Stored items

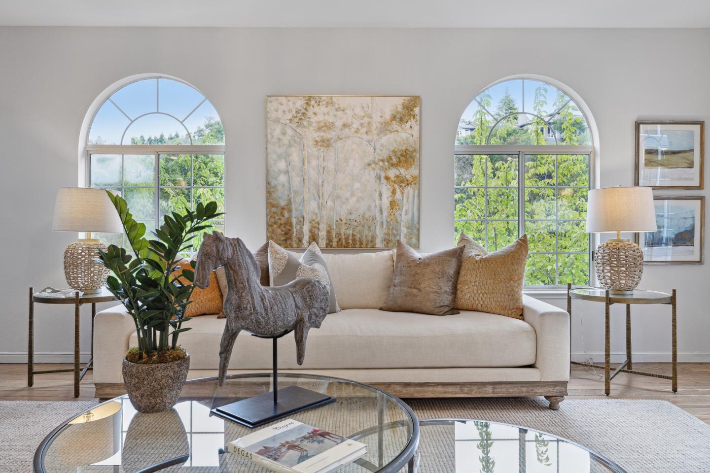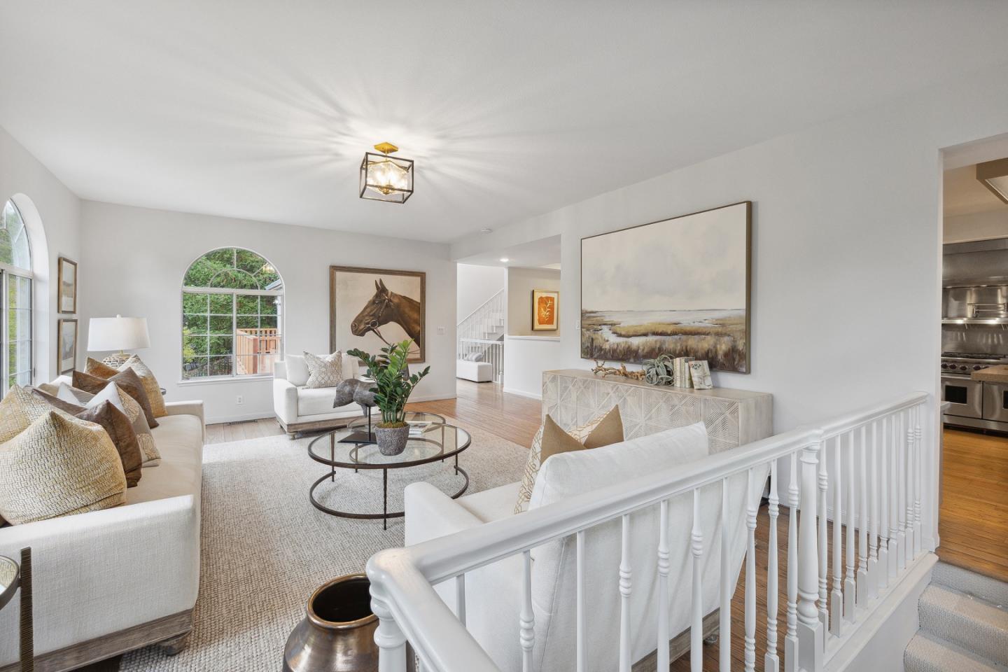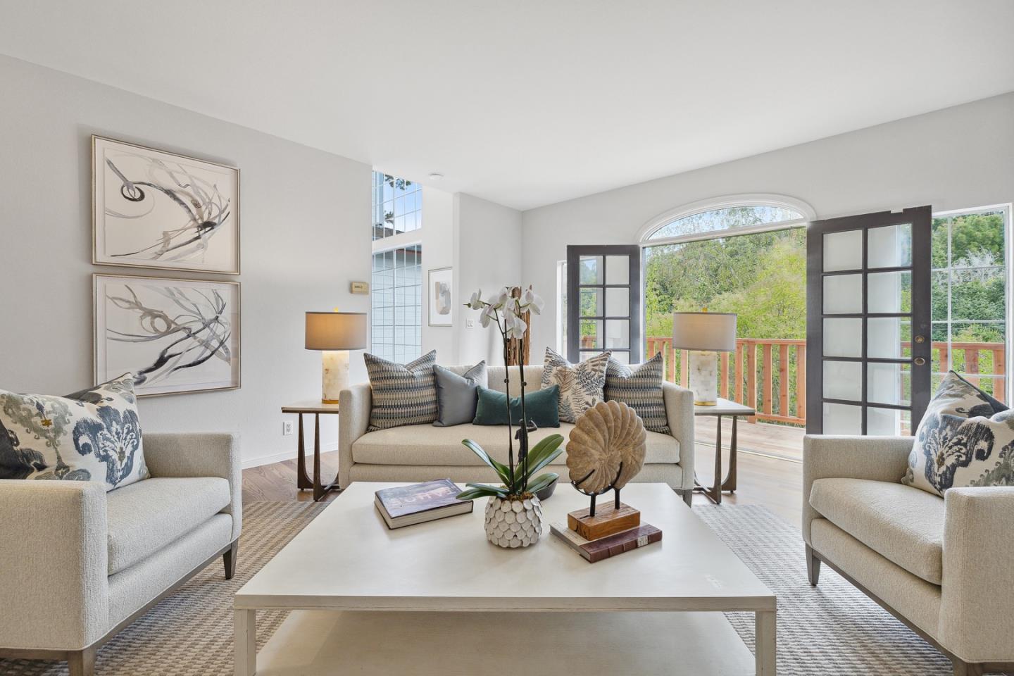 In the Highlands of Emerald Lake across from Handley Rock Park is a majestic home nestled in a terraced hillside adjacent to Edgewood Park and Natural Preserve. Tranquil treetop views from nearly every room add grounding to the homes striking white interior with lofty ceilings, modern fixtures, premium finishes and luxurious amenities. Arched windows, sleek stone surfaces, pristine oak floors, and new carpeting, light fixtures and interior paint elevate the semi-rural lifestyle. Special features: a three-story stairwell bathed in natural light; living room with polished stone fireplace and deck access; family room surrounded with arched windows; dining room with custom buffet; entertainers kitchen with 48-inch Wolf range; primary suite retreat with sitting area, walk-in closet and en suite bathroom with an elevated tub and adjoining shower; secondary suite off the living room; tree-studded grounds with extensive decking and a terraced hillside evoking communion with Mother Nature.Interested in this Listing?
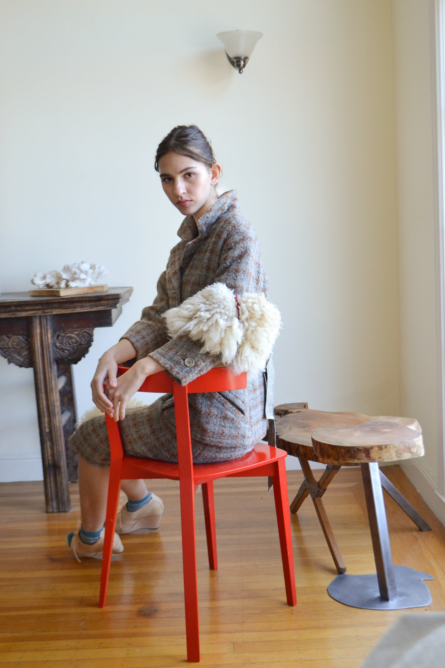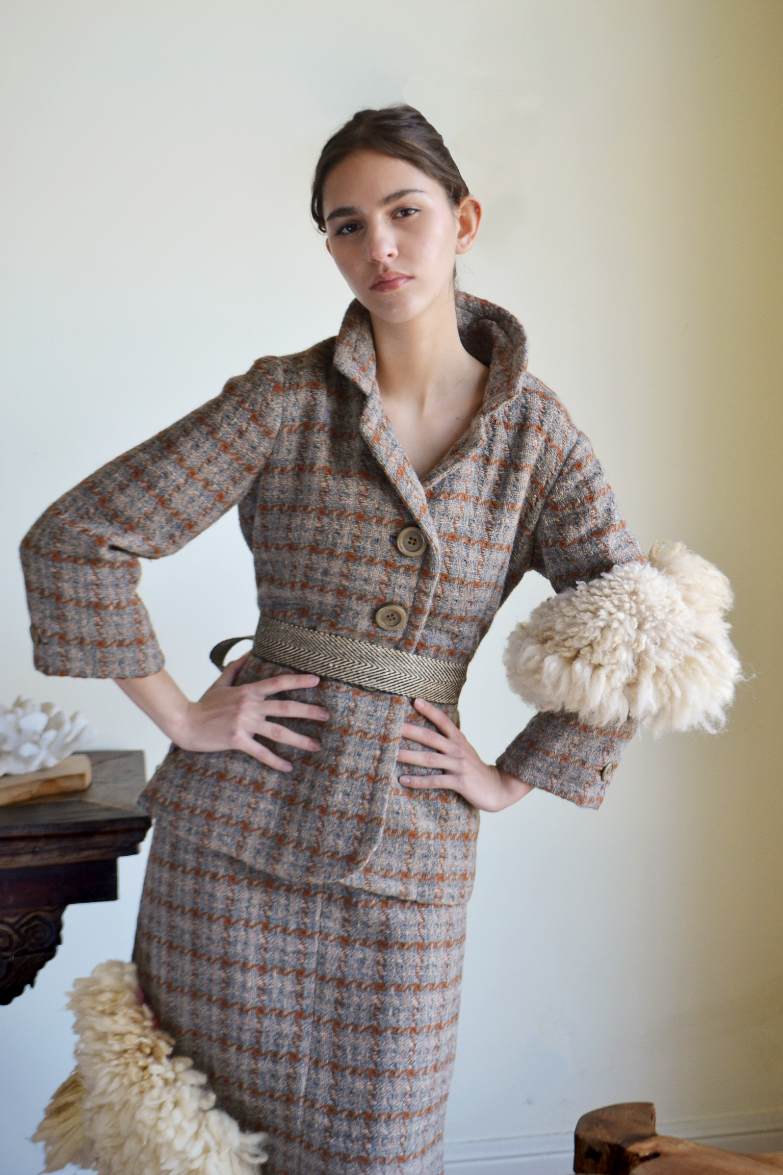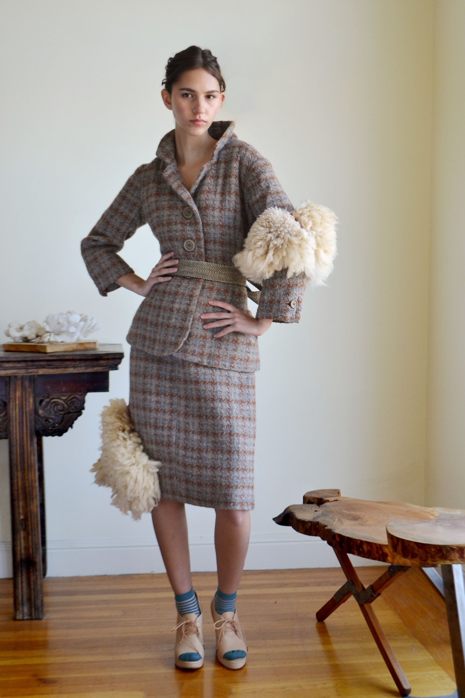 1950's Couture houndstooth wool jacket and skirt with Climate Beneficial™ shearling armband.
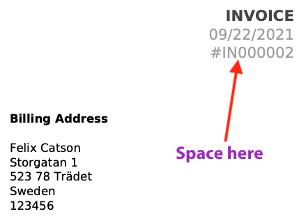 Magnusvb Posted September 22, 2021 Share Posted September 22, 2021 Hello When generate the PDF invoice from the backoffice (order page), in the header there is an invoice number like "#IN000002". Is it possible to add a space after the #IN part (and before the number)? So it looks like this: "#IN 000002". I have tested adding a space in the settings for prefixes, but it seems to be removed when saving. Magnus Link to comment Share on other sites More sharing options...
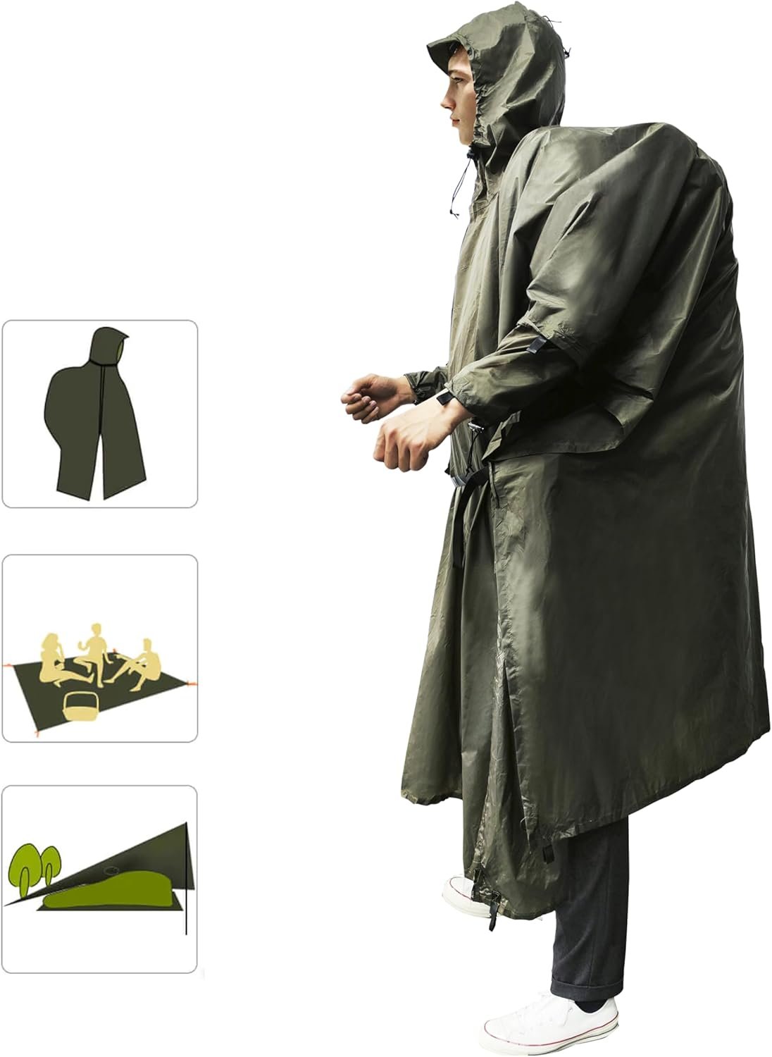 VERSATILE AND MULTIFUNCTION. When you’re not wearing it, this heavy-duty rain poncho can be converted into a tarp, groundsheet, backpack rain cover or a survival shelter in seconds.
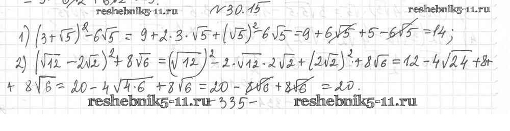 Готовая домашняя работа с ответами по Алгебре за 8 класс Мерзляк, Поляков Учебник Алгоритм успеха Углубленный уровень Вентана-граф 2020 ФГОС - §30. Тождественные преобразования выражений, содержащих арифметические квадратные корни 15
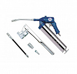 Шприц для смазки пневматический для шприцевания консистентной смазкой – 5 предметов. Объем бака – 0,5л. При давлении воздуха 2-8атм давление смазки 80-400 атм максимально. Набор: нагнетатель, емкость для смазки, мягкий и жесткий наконечник, адаптер для подключения 1/2”.
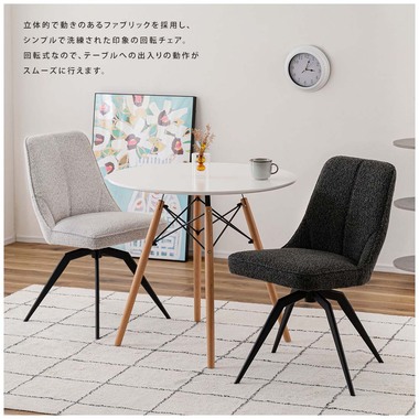 ●立体的で動きのあるファブリックを採用し、シンプルで洗練された印象の回転チェア。
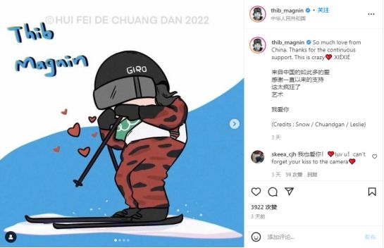 西班牙滑雪運(yùn)動(dòng)員蒂博·馬格寧用雙語(yǔ)感謝中國(guó)。(圖片來(lái)源:Instagram)
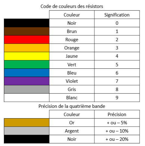 • La quatrième bande donne la précision de la résistance, c’est-à-dire le pourcentage d’erreur (la marge d’erreur de la résistance).

▶ _ACTIVITY_
Excluding the pictures, transcribe all of the entries exactly.

▶ _RESPONSE_
 In the Highlands of Emerald Lake across from Handley Rock Park is a majestic home nestled in a terraced hillside adjacent to Edgewood Park and Natural Preserve. Tranquil treetop views from nearly every room add grounding to the homes striking white interior with lofty ceilings, modern fixtures, premium finishes and luxurious amenities. Arched windows, sleek stone surfaces, pristine oak floors, and new carpeting, light fixtures and interior paint elevate the semi-rural lifestyle. Special features: a three-story stairwell bathed in natural light; living room with polished stone fireplace and deck access; family room surrounded with arched windows; dining room with custom buffet; entertainers kitchen with 48-inch Wolf range; primary suite retreat with sitting area, walk-in closet and en suite bathroom with an elevated tub and adjoining shower; secondary suite off the living room; tree-studded grounds with extensive decking and a terraced hillside evoking communion with Mother Nature.Interested in this Listing?
 1950's Couture houndstooth wool jacket and skirt with Climate Beneficial™ shearling armband.
 Magnusvb Posted September 22, 2021 Share Posted September 22, 2021 Hello When generate the PDF invoice from the backoffice (order page), in the header there is an invoice number like "#IN000002". Is it possible to add a space after the #IN part (and before the number)? So it looks like this: "#IN 000002". I have tested adding a space in the settings for prefixes, but it seems to be removed when saving. Magnus Link to comment Share on other sites More sharing options...
 VERSATILE AND MULTIFUNCTION. When you’re not wearing it, this heavy-duty rain poncho can be converted into a tarp, groundsheet, backpack rain cover or a survival shelter in seconds.
 Готовая домашняя работа с ответами по Алгебре за 8 класс Мерзляк, Поляков Учебник Алгоритм успеха Углубленный уровень Вентана-граф 2020 ФГОС - §30. Тождественные преобразования выражений, содержащих арифметические квадратные корни 15
 Шприц для смазки пневматический для шприцевания консистентной смазкой – 5 предметов. Объем бака – 0,5л. При давлении воздуха 2-8атм давление смазки 80-400 атм максимально. Набор: нагнетатель, емкость для смазки, мягкий и жесткий наконечник, адаптер для подключения 1/2”.
 ●立体的で動きのあるファブリックを採用し、シンプルで洗練された印象の回転チェア。
 西班牙滑雪運(yùn)動(dòng)員蒂博·馬格寧用雙語(yǔ)感謝中國(guó)。(圖片來(lái)源:Instagram)
 • La quatrième bande donne la précision de la résistance, c’est-à-dire le pourcentage d’erreur (la marge d’erreur de la résistance).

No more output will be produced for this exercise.